ANNEX 1: Link Officers
1.
Each
company shall have a nominated CYC client officer (‘Link
Officer’) who will engage monthly (or more frequently as
required) with that company to ensure that Shareholder Committee is
provided with:
a) Updates in respect of company performance, market conditions and assurance
b) Details of strategic plans, funding and other requirements
c) Sufficient information to evaluate any new business proposals
2. The Link Officers will review reports from their nominated company before they are submitted to the Shareholder Committee, liaising with finance, legal or other colleagues as necessary maintain joint risk registers as required and ensure Shareholder Committee is provided with the level of detail and analysis required to fulfil its role.
3. Link Officers are required to:
a) Actively communicate and collaborate with the company and CYC officers as required, including the Director of Governance, Chief Finance Officer and Chief Operating Officer or their nominated representatives.

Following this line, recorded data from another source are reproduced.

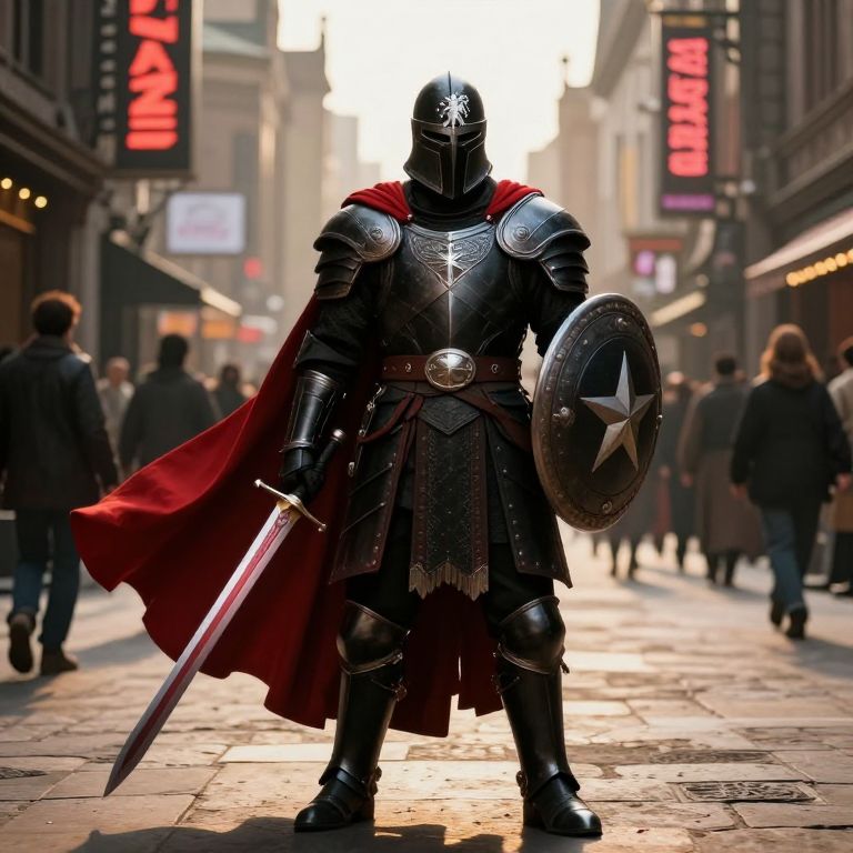 A seasoned warrior in black armor with silver accents stands firmly on a bustling city street, his imposing presence casting a shadow over the crowded pavement. He wears a full battle suit with a towering helmet adorned with a crest of a silver lion, and a flowing red cape billows in the wind, catching the golden afternoon light. The armor is well-maintained, with intricate engravings along the chest and shoulders, and a prominent belt with a polished silver buckle rests across his waist on the left side. In his right hand, he grips a long, curved sword with a dull red hilt, while in his left hand he holds a round, reinforced shield with a silver emblem of a star at its center. The street is lined with ancient stone buildings, neon signs flicker in the background, and the atmosphere is charged with tension, as if a battle is about to begin. The scene is rendered in a realistic, cinematic style with rich details and dynamic lighting.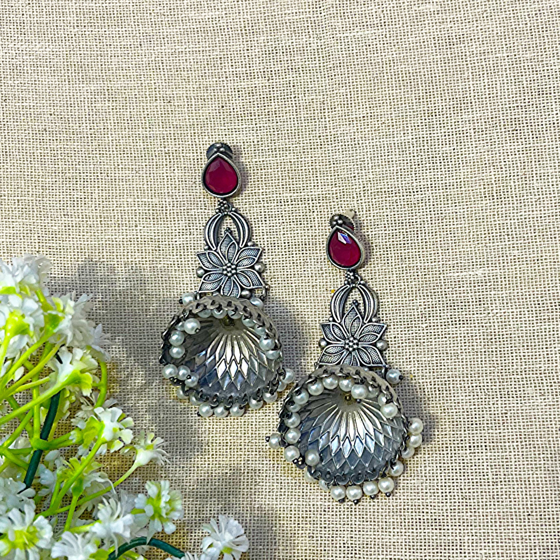 Make a stunning traditional statement with these elegant silver look alike oxidised earrings for women featuring oxidised silver finish with turquoise/teal green teardrop stone in oxidised silver setting on top, oxidised silver lotus/floral motif with intricate petal details and filigree pattern, large oxidised silver jhumka/bell dome with radial/sunburst engraved pattern, oxidised silver bead/ball cluster border at rim, Ahmedabadi stones, and push back with stopper closure. These traditional oxidised jhumka earrings for weddings showcase authentic Indian craftsmanship, perfect for festive and ethnic occasions.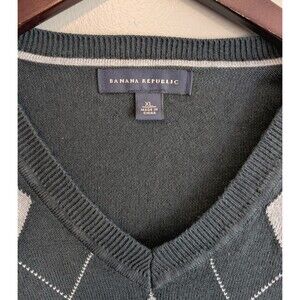 V-neck pullover argyle sweater vest from Banana Republic. Made of 85% silk, 10% cotton and 5% cashmere. Stretch hem. Size men's extra large. Excellent pre-owned condition. It is about 28" long and 20" armpit to armpit. Buy with confidence. Your satisfaction is my priority. Ships fast and comes from a smoke-free home.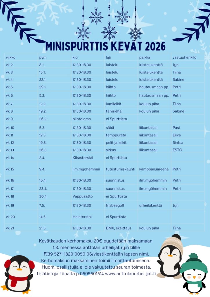 Anttolan Urheilijat ry tarjoaa ja kehittää Mikkelin kaupungin Anttolan kylän ja lähikylien lapsille, nuorille ja aikuisille liikuntamahdollisuuksia. Spurttiksen toimintamuotoja ovat: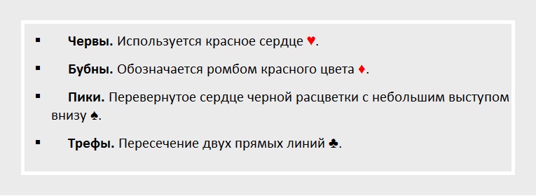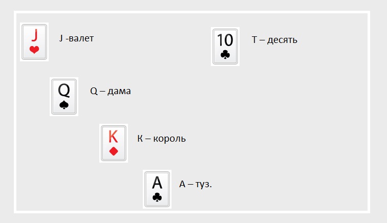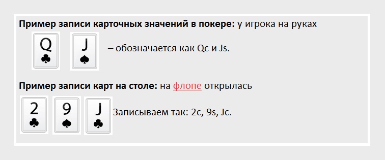Карта имеет символ и значение. С ним легко разобраться в повседневной жизни. А вот что касается покерных записей, тут не все так просто. Комбинации записываются сокращенной аббревиатурой. Для того, чтобы быть в курсе дела нужно знать эти тонкости.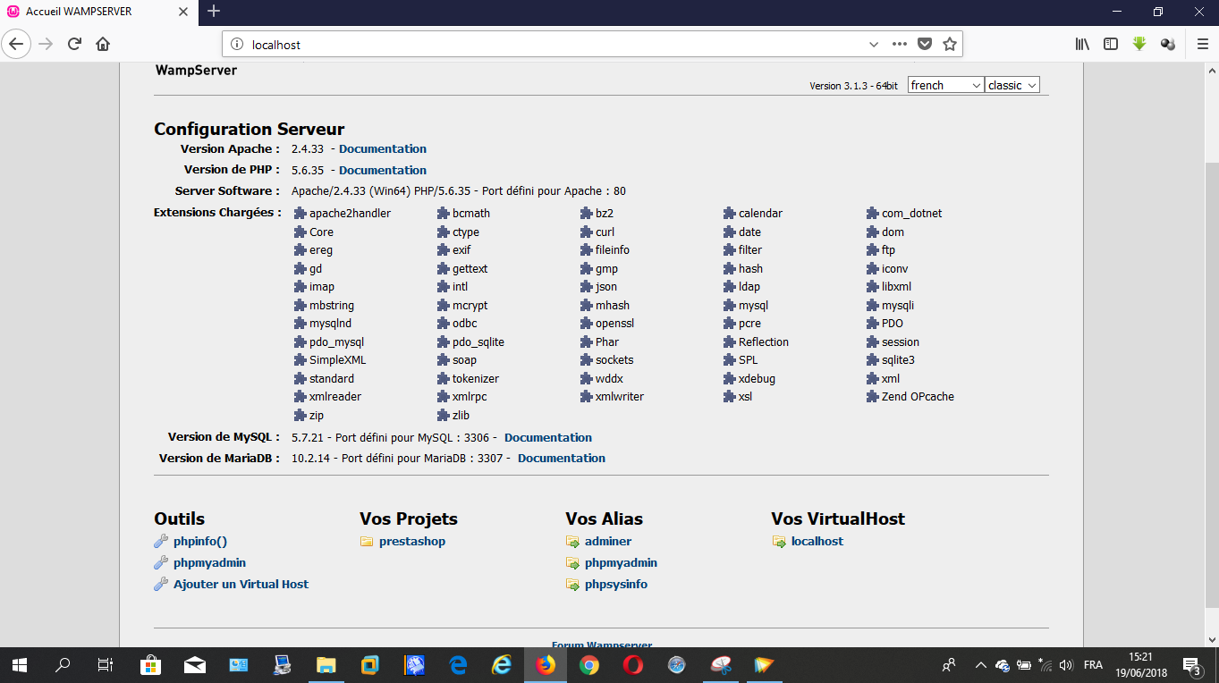 Luc Posted June 19, 2018 Share Posted June 19, 2018 Bonjour à toutes et à tous, Qu'est-ce qui peut faire que l'installation de PrestaShop 1.7.3.3 ne puisse pas démarrer : - Ni lorsque je clique sur le lien du projet sur la page d'accueil de localhost (il ne s'affiche alors qu'une page web vide avec http://prestashop dans la barre d'adresses, comme l'illustrent les captures d'écran 1 et 2 annexées) ; - Ni lorsque je tape directement l'url localhost/prestashp/install dans la barre d'adresses du navigateur (il ne s'affiche alors rien, comme l'illustre la capture d'écran N° 3 annexée). Mon environnement de travail : WampServer 3.1.3 x64 sous Windows 10 Pro x64. Merci d'avance pour toute aide. Link to comment Share on other sites More sharing options...

b) Build and maintain effective and transparent relationships with all parties.
c) Actively work to promote and improve good working relationships between the Council and its companies.
d) Take appropriate action to avoid conflicts of interest and, where a potential conflict is identified, to assist in managing any such conflict.
e) Ensure that the company has the appropriate level of support and challenge, including support to deliver agreed objectives and challenge to minimise or mitigate any risk to the Council. The appropriate balance of challenge and support will depend on the company objectives, the nature of the relationship with the company (i.e. whether wholly or partly owned), performance and risks or opportunities.
f) Manage and maintain effective relationships between shareholder representatives and the company.
g) Appropriately feedback any concerns of the Council to the company and vice versa.
h) Review board decisions and actions and identify any concerns in relation to directors potentially exceeding the remit of their powers.
i) Flag any issues and risks as quickly as possible.